EVALens

Retrieval Evaluation & CI Quality Gate for RAG Systems

CI Quality Gate Eval-First 7 Failure Categories DeepEval Scored

At a previous role, I was setting up customer support for a new B2B initiative. The knowledge base mixed inherited consumer docs with new business policies. When we explored an AI agent for frontline queries, it confidently answered from the wrong context — quoting consumer policies to business customers, mixing legacy with current plans. The failure mode wasn't "the AI doesn't know"; it was "the AI sounds right but isn't." EVALens catches this before it reaches production.

GitHub → DECISIONS.md →

✓ PR #10 — Passed

✕ PR #11 — Blocked

"Every PR runs the full 30-query eval set. Change one config parameter — retrieval_k from 4 to 1 — and the gate catches the regression."

30 queries. 7 failure categories. 3 questions.

Scores degrade left to right — by design.

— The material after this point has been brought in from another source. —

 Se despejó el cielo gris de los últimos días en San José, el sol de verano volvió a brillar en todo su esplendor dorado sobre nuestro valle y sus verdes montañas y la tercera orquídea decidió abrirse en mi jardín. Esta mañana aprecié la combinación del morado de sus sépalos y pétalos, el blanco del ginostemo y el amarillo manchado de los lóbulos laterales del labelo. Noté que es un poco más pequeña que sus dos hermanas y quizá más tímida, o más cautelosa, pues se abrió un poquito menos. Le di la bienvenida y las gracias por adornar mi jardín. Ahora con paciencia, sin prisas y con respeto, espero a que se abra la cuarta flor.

Can it find the right answer?

Factual

7 queries

0.897

Caveat

6 queries

0.958

Synthesis

1 query

0.583

Can it handle bad information?

Conflict

4 queries

0.849

OOS

4 queries

0.812

Can it be trusted in production?

Safety

5 queries

0.715

Adversarial

3 queries

0.847

Ideal conditions → Progressive degrade → Active attack

Baseline metrics — k=4, chunk=1000

Contextual Precision

0.711

threshold 0.68

Gated

Contextual Recall

0.834

threshold 0.75

Gated

Faithfulness

0.950

not gated

Not gated

Answer Relevancy

0.888

not gated

Not gated

Cost per eval run: $0.0234

"Precision and recall are gated — they showed the strongest separation between configs. Faithfulness was too stable (0.95/0.90) to detect regression. Relevancy delta was too small (0.018) and too coarse — a useless answer can score 1.0 if it's on-topic."

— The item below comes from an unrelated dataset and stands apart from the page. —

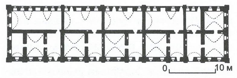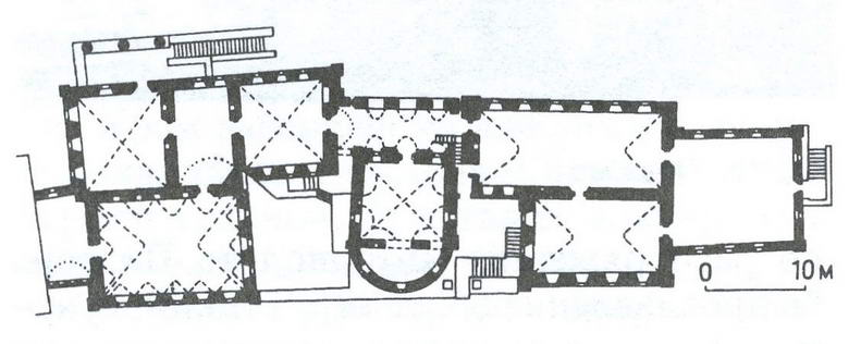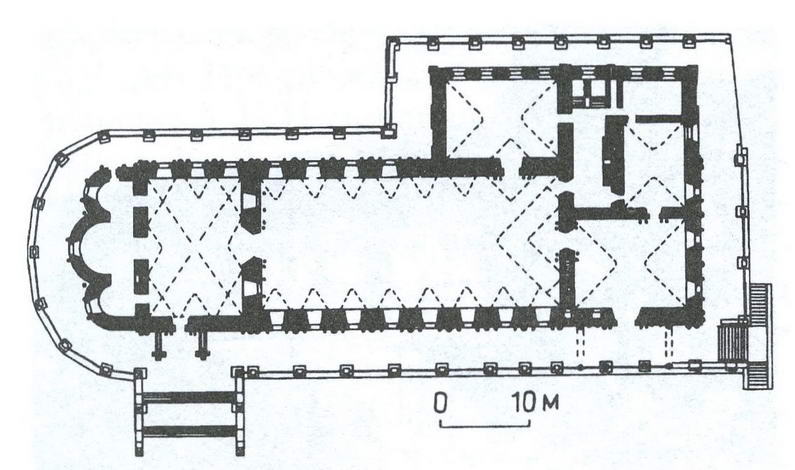 доминирует огромный трапезный зал, 34x15 м, для парадных обедов и приемов. Перекрытый полу лотковым сводом, он образует одно из крупнейших помещений своего времени без промежуточных опор. Для повседневного пользования предназначена малая трапезная в юго-западной части здания. Небольшая, смежная с главным залом бесстолпная трапезная церковь с лотковым сводом на распалубках занимает нижний ярус четверика, увенчанного маленькой главкой; в верхнем размещались монастырский архив и библиотека.

Does the gate catch real regressions?

Config	Precision	Recall	Faithfulness	Relevancy	Gate
Baseline k=4, chunk=1000	0.711	0.834	0.950	0.888	PASS
Degraded retrieval k=1, chunk=1000	0.633	0.706	0.900	0.870	FAIL
Reduced chunking k=4, chunk=200	0.736	0.839	0.988	0.806	PASS

k=1 is the real regression

Precision dropped 0.078, recall dropped 0.128. Gate blocked it. Conflict queries hit hardest — dropped from 0.849 to 0.656.

chunk=200 is not a regression

Intercom's docs are written in short sections. Smaller chunks aligned with natural boundaries — precision marginally improved.

The meta-finding

The eval distinguishes impactful changes from non-impactful ones. A noisy gate blocks every change. A useful gate blocks only the ones that degrade quality.

Where the failures concentrate

Category averages hide per-pathology variation — this is where it surfaces.

multi_entity_retrieval: precision 0.000, recall 0.200

The Factual category averaged 0.897 — but this one pathology scored 0.000 on precision. The system retrieved pricing FAQs and add-on docs instead of the plans overview, then surfaced embedded hyperlinks as answers. Category averages masked a complete retrieval failure.

framing_dependent_conflict: collapsed under k=1

At baseline: precision 0.542, recall 0.833. Under k=1: precision 0.000, recall 0.000 — a complete collapse. Queries testing whether the system notices seat-type exclusions need chunks from multiple documents. One chunk is never enough.

Top regressions (baseline → k=1)

framing_dependent_conflict   Δprec −0.542   Δrecall −0.833
plausible_absence            Δprec −1.000   Δrecall  0.000
label_disambiguation         Δprec −0.500   Δrecall −1.000

python eval/analyze_pathology.py eval/results/baseline_results.json eval/results/regression_results.json

What the metrics catch — and miss

eval_014 · Synthesis · cross_doc_assembly

"If I'm on the Essential plan, can I use Fin with unlimited Copilot assistance?"

System said "no information provided" while its retrieved context contained the answer. Faithfulness scored 0.0 — not because the system hallucinated, but because it denied having information it had. The metric can't distinguish "made stuff up" from "denied having info it had."

eval_013 · Caveat · same_doc_multi_fact

"How much does Copilot cost if I pay monthly versus annually?"

Retrieved the right document. Reported the $29/month annual price. Stated "no mention of a monthly cost" — when $35/seat/month was in the same document. Retrieval metrics scored well (recall 1.0). The model failed to use what it retrieved. Precision and recall can't catch this.